■ Work request ■
Could you transcribe exactly the lines below, from the line with "例如我想查看元素触发 hover 时的" through the line with "此次比赛分为绘画和书法两项内", and nothing else, leaving out the pictures?

-------- Materials provided

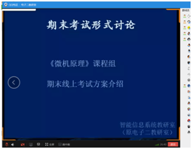 《微机原理与接口技术》课程组的教师代表卿粼波副教授介绍了该课程组关于此次期末考试的考虑,拟采用合适的考试形式避免学生死记硬背,重点考查分析能力;此外,关于发送试卷的方式和单/双机位等具体细节也进行了仔细考虑。赵成萍副教授进行了相关补充。
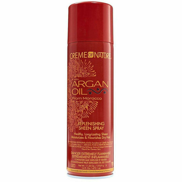 Creme of Nature with Argan Oil Replenishing Sheen Spray is a high-gloss sheen with advanced moisturizing properties that gives hair a lightweight, soft finish, protects hair from styling friction damage, and improves compatibility. With an exotic new fragrance and vibrant Moroccan-themed packaging, these products combine the healing properties of Argan Oil with advanced formulas that give unparalleled performance.
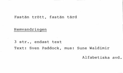 //// Fastän trött, fastän tärd Hemvandringen 3 str., endast text //// Text: Sven Paddock, mus: Sune Waldimir //// Alfabetiska avd. ////
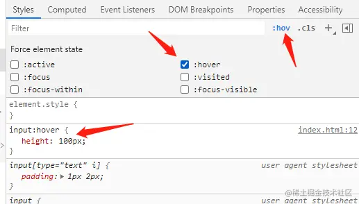 例如我想查看元素触发 hover 时的 css 样式。先选中该元素,然后按下图操作:
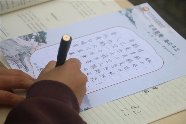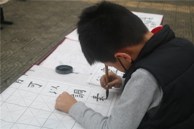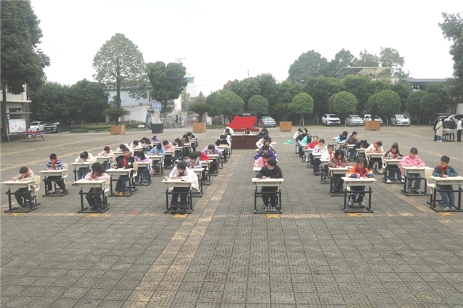 此次比赛分为绘画和书法两项内容,其中书法比赛现场进行。比赛现场,参赛桌椅整齐排列,硬笔书法纸、砚台、毛笔、宣纸等工具早早备好,浓郁的传统文化氛围扑面而来。随着易主任宣布比赛开始,同学们迅速进入状态:有的屏息凝神,先在草稿纸上反复斟酌笔画结构;有的胸有成竹,提笔蘸墨后果断落纸。现场只听得见笔尖划过纸张的“沙沙”声,以及偶尔传来的轻微蘸墨声,每一位同学都沉浸在书法创作的世界里,专注而认真的模样,成为操场最动人的风景。
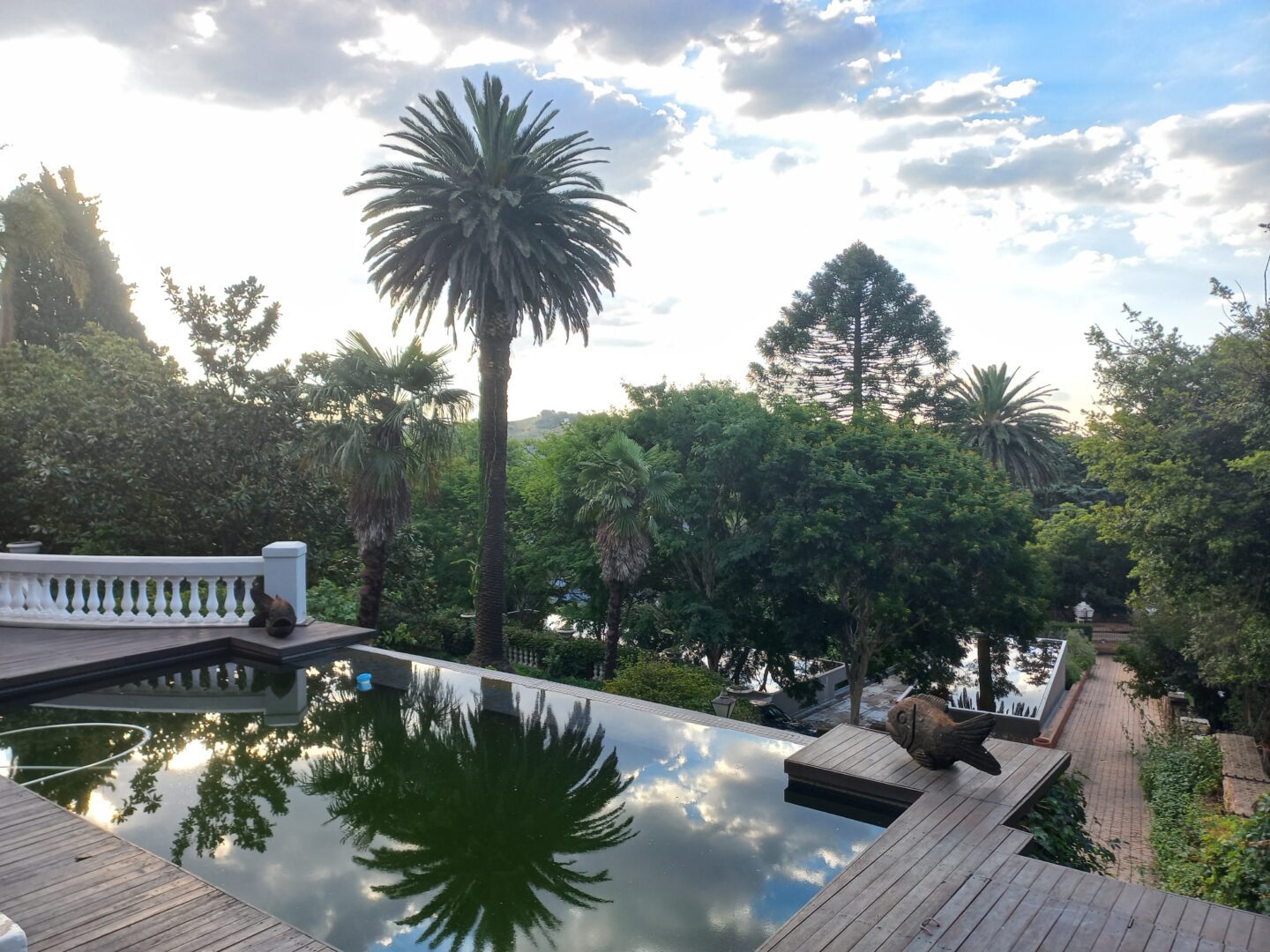The house was built by a Portuguese from Madeira, J M Fernandez in 1928-30. He dealt with the importation of Mozambican men to work on the mines and it is suggested that mineworkers were probably employed over weekends to build the complex garden terraces, the pergolas and the belvedere. The garden reveals the heritage of Madeira where water and soil are treasured and where the kitchen garden and the keeping of animals for the pot are an integral part of its character.

----------------

■ Your solution ■
 例如我想查看元素触发 hover 时的 css 样式。先选中该元素,然后按下图操作:
 此次比赛分为绘画和书法两项内容,其中书法比赛现场进行。比赛现场,参赛桌椅整齐排列,硬笔书法纸、砚台、毛笔、宣纸等工具早早备好,浓郁的传统文化氛围扑面而来。随着易主任宣布比赛开始,同学们迅速进入状态:有的屏息凝神,先在草稿纸上反复斟酌笔画结构;有的胸有成竹,提笔蘸墨后果断落纸。现场只听得见笔尖划过纸张的“沙沙”声,以及偶尔传来的轻微蘸墨声,每一位同学都沉浸在书法创作的世界里,专注而认真的模样,成为操场最动人的风景。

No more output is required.